:: Work request ::
The copy you return should hold only the lines from the top of the data below through the line with "任务吸血瞎:现在的吸血瞎可以", each duplicated exactly and with no pictures.

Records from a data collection

──────────

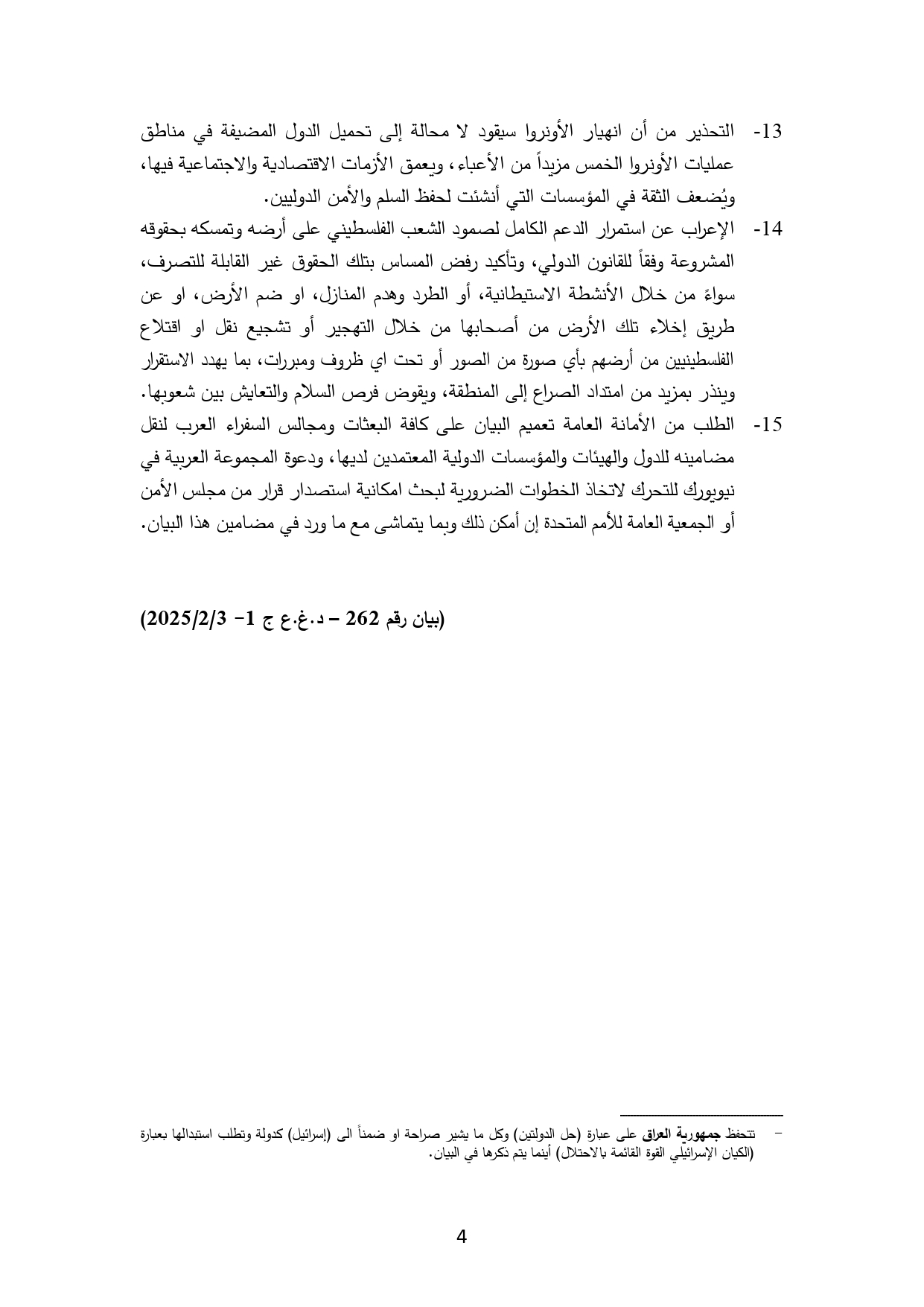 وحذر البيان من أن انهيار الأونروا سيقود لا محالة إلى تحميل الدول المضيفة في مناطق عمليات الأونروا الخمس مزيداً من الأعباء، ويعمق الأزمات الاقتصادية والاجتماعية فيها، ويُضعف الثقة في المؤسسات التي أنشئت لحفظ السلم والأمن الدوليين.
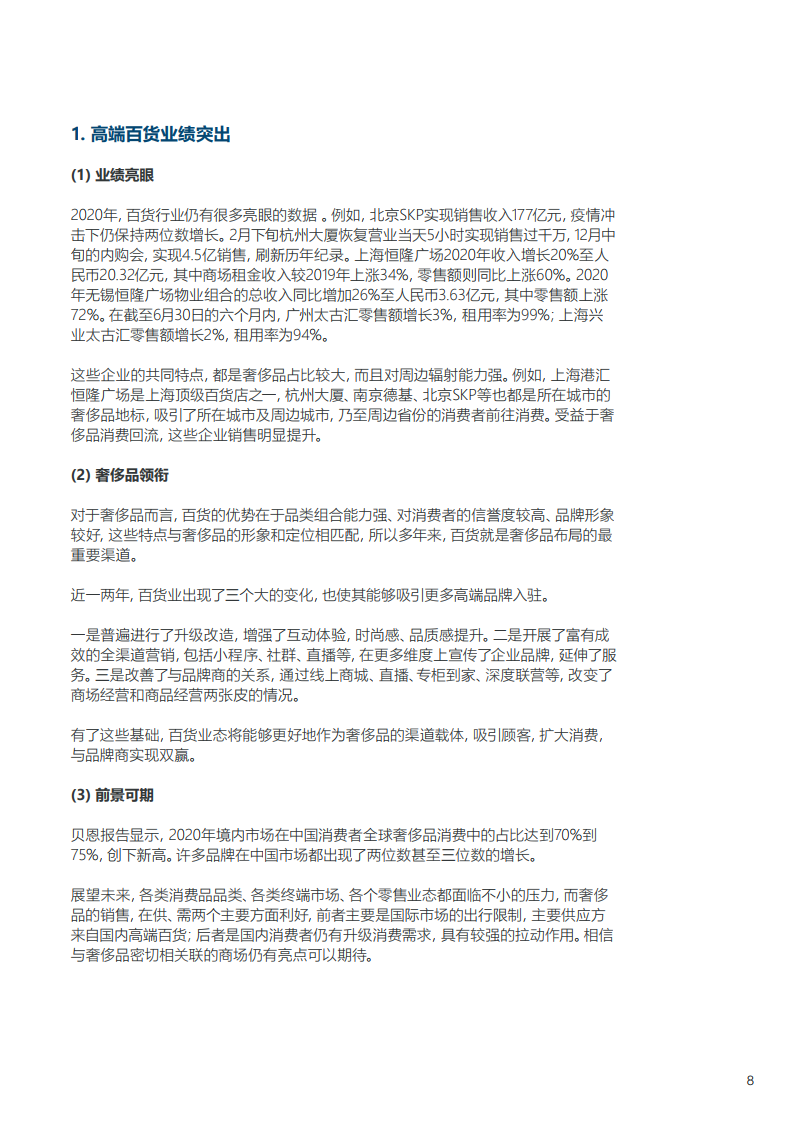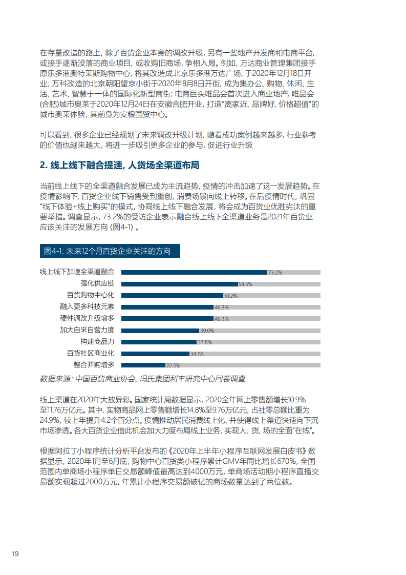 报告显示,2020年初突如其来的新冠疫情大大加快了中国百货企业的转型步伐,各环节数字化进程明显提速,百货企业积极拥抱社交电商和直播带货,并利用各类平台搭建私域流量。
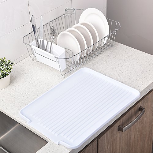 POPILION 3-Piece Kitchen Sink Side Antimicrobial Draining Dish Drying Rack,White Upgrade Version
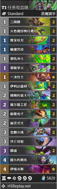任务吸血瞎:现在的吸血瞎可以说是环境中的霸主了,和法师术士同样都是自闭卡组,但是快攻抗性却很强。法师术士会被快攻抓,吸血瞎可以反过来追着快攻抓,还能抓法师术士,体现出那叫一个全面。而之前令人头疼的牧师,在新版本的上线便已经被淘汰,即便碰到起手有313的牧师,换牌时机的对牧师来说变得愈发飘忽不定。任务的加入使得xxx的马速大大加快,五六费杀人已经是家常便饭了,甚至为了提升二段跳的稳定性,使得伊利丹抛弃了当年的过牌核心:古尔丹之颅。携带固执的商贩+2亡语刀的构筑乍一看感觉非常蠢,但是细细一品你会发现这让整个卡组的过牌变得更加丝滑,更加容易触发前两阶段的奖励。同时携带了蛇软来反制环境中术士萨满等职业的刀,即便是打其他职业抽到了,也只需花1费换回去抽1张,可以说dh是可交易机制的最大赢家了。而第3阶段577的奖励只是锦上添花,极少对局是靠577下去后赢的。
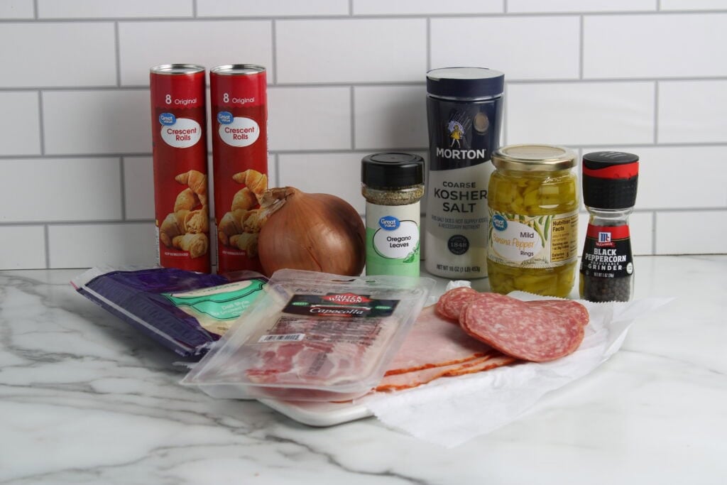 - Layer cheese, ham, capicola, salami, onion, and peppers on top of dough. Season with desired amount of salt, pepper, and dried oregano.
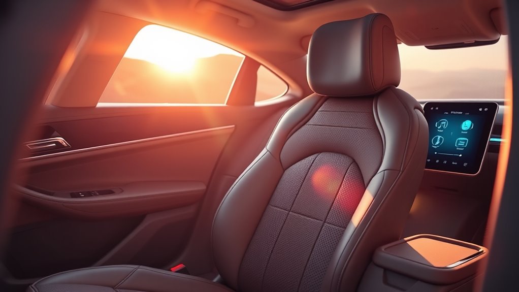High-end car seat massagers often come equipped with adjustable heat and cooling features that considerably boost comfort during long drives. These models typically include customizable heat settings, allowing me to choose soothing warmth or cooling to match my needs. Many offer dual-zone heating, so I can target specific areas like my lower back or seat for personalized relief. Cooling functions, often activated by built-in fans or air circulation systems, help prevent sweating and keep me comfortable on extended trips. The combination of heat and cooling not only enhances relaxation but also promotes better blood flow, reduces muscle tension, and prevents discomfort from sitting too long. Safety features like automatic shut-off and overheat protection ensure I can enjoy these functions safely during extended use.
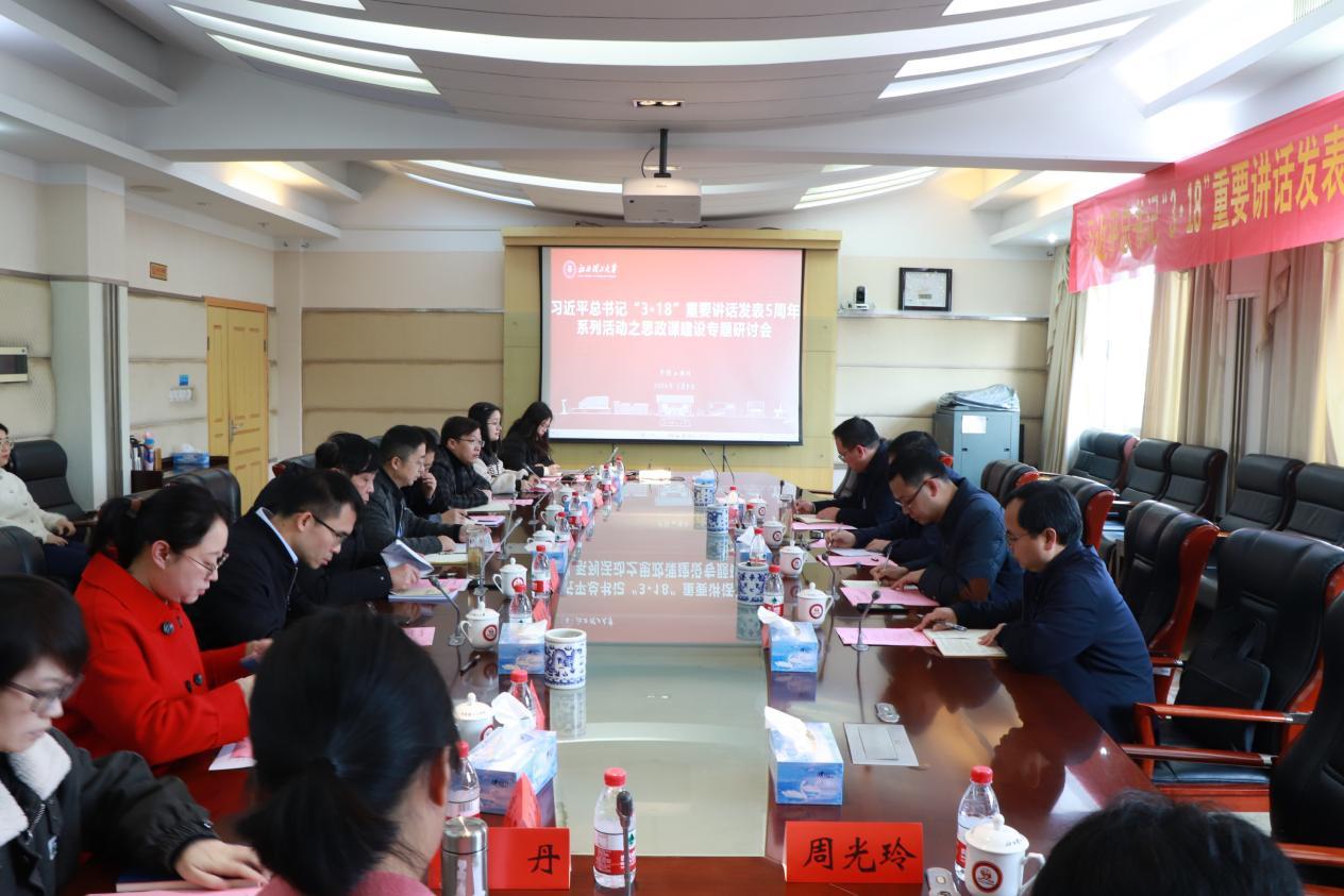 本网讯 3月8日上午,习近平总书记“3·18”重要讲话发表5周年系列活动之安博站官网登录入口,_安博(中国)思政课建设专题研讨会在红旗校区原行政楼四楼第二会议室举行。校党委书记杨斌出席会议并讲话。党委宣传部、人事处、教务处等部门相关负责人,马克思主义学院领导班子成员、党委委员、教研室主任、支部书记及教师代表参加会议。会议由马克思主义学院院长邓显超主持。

──────────

:: Solution to this problem ::
 وحذر البيان من أن انهيار الأونروا سيقود لا محالة إلى تحميل الدول المضيفة في مناطق عمليات الأونروا الخمس مزيداً من الأعباء، ويعمق الأزمات الاقتصادية والاجتماعية فيها، ويُضعف الثقة في المؤسسات التي أنشئت لحفظ السلم والأمن الدوليين.
 报告显示,2020年初突如其来的新冠疫情大大加快了中国百货企业的转型步伐,各环节数字化进程明显提速,百货企业积极拥抱社交电商和直播带货,并利用各类平台搭建私域流量。
 POPILION 3-Piece Kitchen Sink Side Antimicrobial Draining Dish Drying Rack,White Upgrade Version
任务吸血瞎:现在的吸血瞎可以说是环境中的霸主了,和法师术士同样都是自闭卡组,但是快攻抗性却很强。法师术士会被快攻抓,吸血瞎可以反过来追着快攻抓,还能抓法师术士,体现出那叫一个全面。而之前令人头疼的牧师,在新版本的上线便已经被淘汰,即便碰到起手有313的牧师,换牌时机的对牧师来说变得愈发飘忽不定。任务的加入使得xxx的马速大大加快,五六费杀人已经是家常便饭了,甚至为了提升二段跳的稳定性,使得伊利丹抛弃了当年的过牌核心:古尔丹之颅。携带固执的商贩+2亡语刀的构筑乍一看感觉非常蠢,但是细细一品你会发现这让整个卡组的过牌变得更加丝滑,更加容易触发前两阶段的奖励。同时携带了蛇软来反制环境中术士萨满等职业的刀,即便是打其他职业抽到了,也只需花1费换回去抽1张,可以说dh是可交易机制的最大赢家了。而第3阶段577的奖励只是锦上添花,极少对局是靠577下去后赢的。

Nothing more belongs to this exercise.